Campbell v. Northwestern Mutual Life Insurance

281 Ill. App. 158, 1935 Ill. App. LEXIS 525
CourtAppellate Court of Illinois
DecidedJuly 6, 1935
DocketGen. No. 8,923
StatusPublished
Cited by4 cases

This text of 281 Ill. App. 158 (Campbell v. Northwestern Mutual Life Insurance) is published on Counsel Stack Legal Research, covering Appellate Court of Illinois primary law. Counsel Stack provides free access to over 12 million legal documents including statutes, case law, regulations, and constitutions.

Bluebook
Campbell v. Northwestern Mutual Life Insurance, 281 Ill. App. 158, 1935 Ill. App. LEXIS 525 (Ill. Ct. App. 1935).

Opinion

Mr. Justice Dove

delivered the opinion of the court.

This action was instituted September 28, 1933, by Julia E. Campbell, the beneficiary named in an insurance policy issued by the defendant upon the life of her husband, Alexander M. Campbell. In both counts of the declaration the policy was set forth in haec verba and in the first count it was alleged, among other things, that the policy was issued on August 16, 1915, and that Alexander M. Campbell, the insured, thereafter died at Reno, Nevada, on August 11, 1920; that on May 23, 1933, the plaintiff gave the defendant notice of the insured’s death and at the same time furnished and delivered to it satisfactory proof of death. The additional count averred that the policy was continued in force from February 16, 1918, as extended term insurance for the sum of $2,046 until September 9, 1921. In this count it was then averred that during the years 1918 and 1919 the insured became in a bad and precarious state of health and early in the year 1919 left his family, he then living in Detroit, Michigan, and went to Reno, Nevada, for the benefit of his health; that on August 10, 1920, he wrote an affectionate letter to the plaintiff from Reno, Nevada, in which he told of the condition of his health and expressed the hope of reuniting with his family at some time in the near future ; that after the receipt of said letter, which was mailed at the Reno post office on August 11, 1920, plaintiff never received any further letters or communications from her husband, although she made diligent efforts and inquiries to locate him. In this count she averred that the insured departed this life between August 11, 1920, and September 1, 1921, while said policy was in full force and effect as extended term insurance, It was then averred that the plaintiff, in April, 1922, notified the general agent of the defendant of the disappearance of the insured and various communications which passed between the plaintiff and the defendant are set out at length.

To this declaration the defendant filed a plea of the general issue, with notice of special matters of defense, in which notice the defendant set up that the policy sued on lapsed on February 16, 1918, for failure to pay the semiannual premium due thereon at that time; that the premium due February 16, 1918, had not been paid, nor had any premiums been paid since that time; that the policy was continued in force, however, as extended term insurance for $2,046 until September 9, 1921. The defendant further insisted in its notice of special matters in defense that the insured did not die prior to September 9, 1921, that he is not dead, that no proof of death had ever been furnished the defendant as provided by the policy, that the contract of insurance is not effective and for these reasons the plaintiff was not entitled to maintain her action. The case was submitted to a jury, resulting in a verdict and judgment in favor of the plaintiff for $2,046 and the defendant brings the record to this court for review by appeal.

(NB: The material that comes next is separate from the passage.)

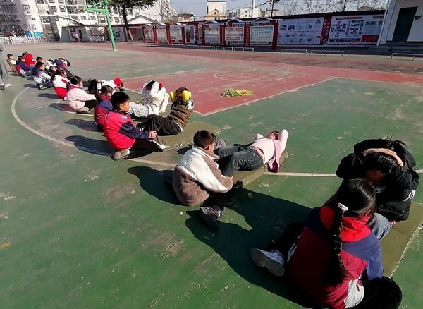 今日竹山网消息 1月12日,宝丰镇施洋小学的操场上运动氛围火热,学生们正积极投入跳绳、仰卧起坐、跑步等体育考核中。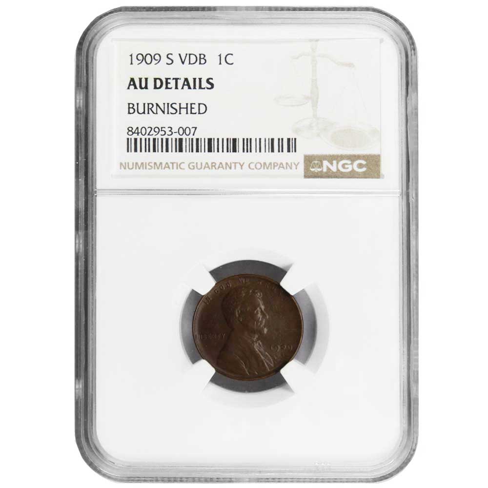 1909-S V.D.B. Lincoln Wheat Cent Key Date NGC AU Details Burnished

It is insisted by counsel for appellant, as grounds for reversal, that much incompetent evidence was admitted by the trial court over their objection, that the instructions were erroneous, that due proof of the death of the insured was not furnished appellant and finally even conceding that the objected-to evidence was competent it is insufficient to sustain the verdict and that the trial’ court should have directed a verdict in favor of appellant at the close of all the evidence.

As the judgment must be reversed for the reason last suggested, it will not be necessary for us to consider the other errors relied upon for reversal.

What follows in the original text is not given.